Ann Howells

As the Crow Flies

Crows commandeer the lawn,
flap and flutter, pull darkness
about sloped shoulders,

skulk toward the orchard,
grow drunk on windfall cherries.
They are quick
to take offense. Argumentative.
Insolent. Formed of black light.
Jailhouse tattoos lie beneath

slick feathers. Jaundiced eyes
perceive weakness. Scabrous voices
vibrate bone. Skin
prickles as obsidian feathers
sprout beneath khaki shirts, voices
grow hoarse. See how

our sleek backs diffuse light,
how we hop and preen? Veiled
by night’s dark hair, we watch Venus

teeter the ragged tree line. Regret
glistens like white pebbles
beneath the waning moon.

 


Ann Howells, of Dallas, Texas, edited Illya’s Honey for eighteen years. Her books are: Under a Lone Star (Village Books, 2016) and a D/FW anthology she edited, Cattlemen & Cadillacs (Dallas Poets Community, 2016).

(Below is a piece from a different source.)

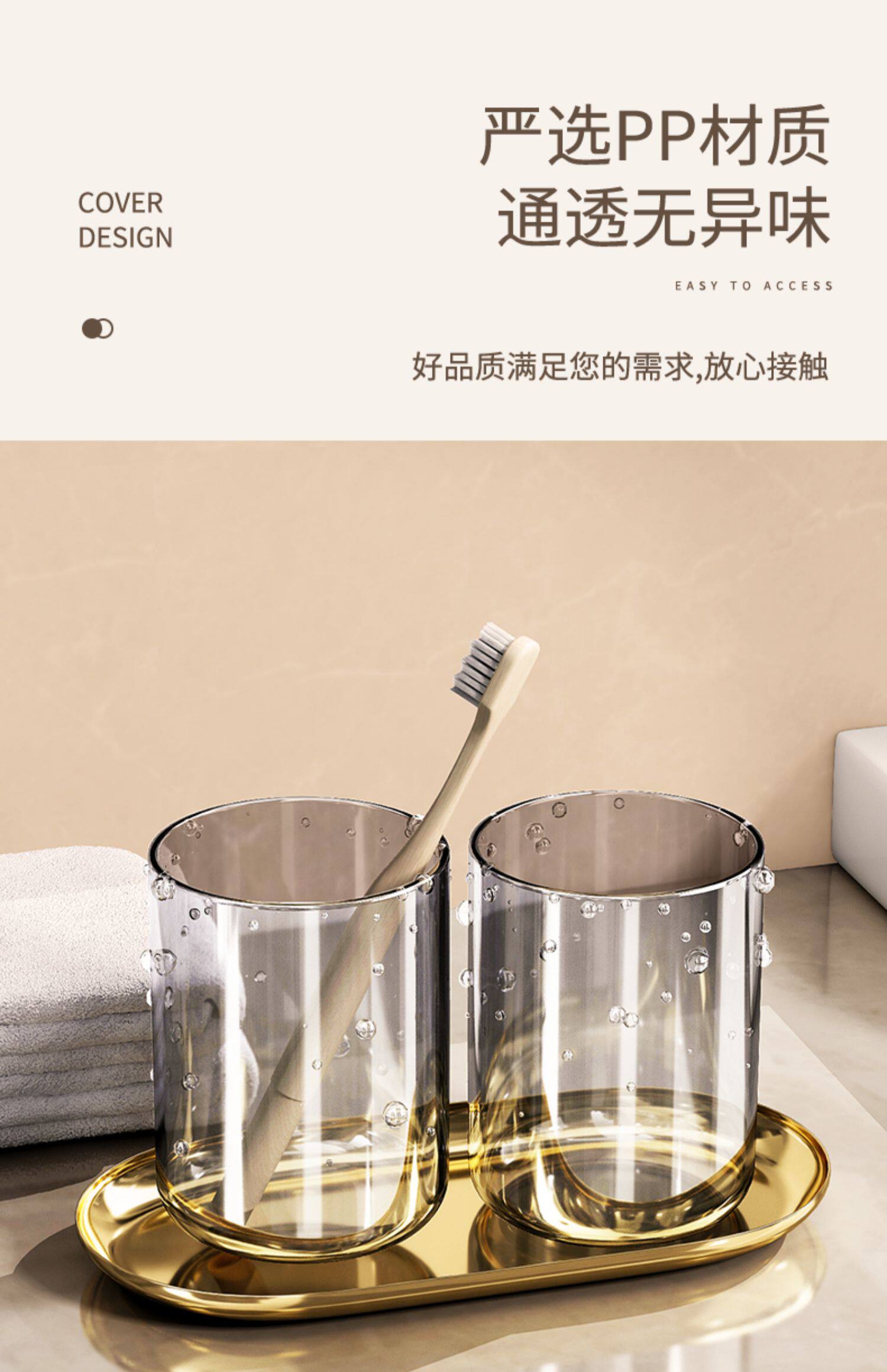 Cream-Colored Toothbrush Holder, No-Drill Wall-Mounted Bathroom Mouthwash Cup, Toothbrush Storage, Bathroom Hair Dryer Holder

One of her chapbooks, Softly Beating Wings (Blackbead, 2017), was published as winner of the William D. Barney Chapbook Contest. Her latest collection, So Long As We Speak Their Names, poems centered around the Chesapeake Bay and those who harvest her, will be released in July from Bowen Books. Recent work has appeared in Chiron Review, I-70 Review, Paddock Review, San Pedro River Review, and The Langdon Review of the Arts in Texas. Ann has received seven Pushcart nominations.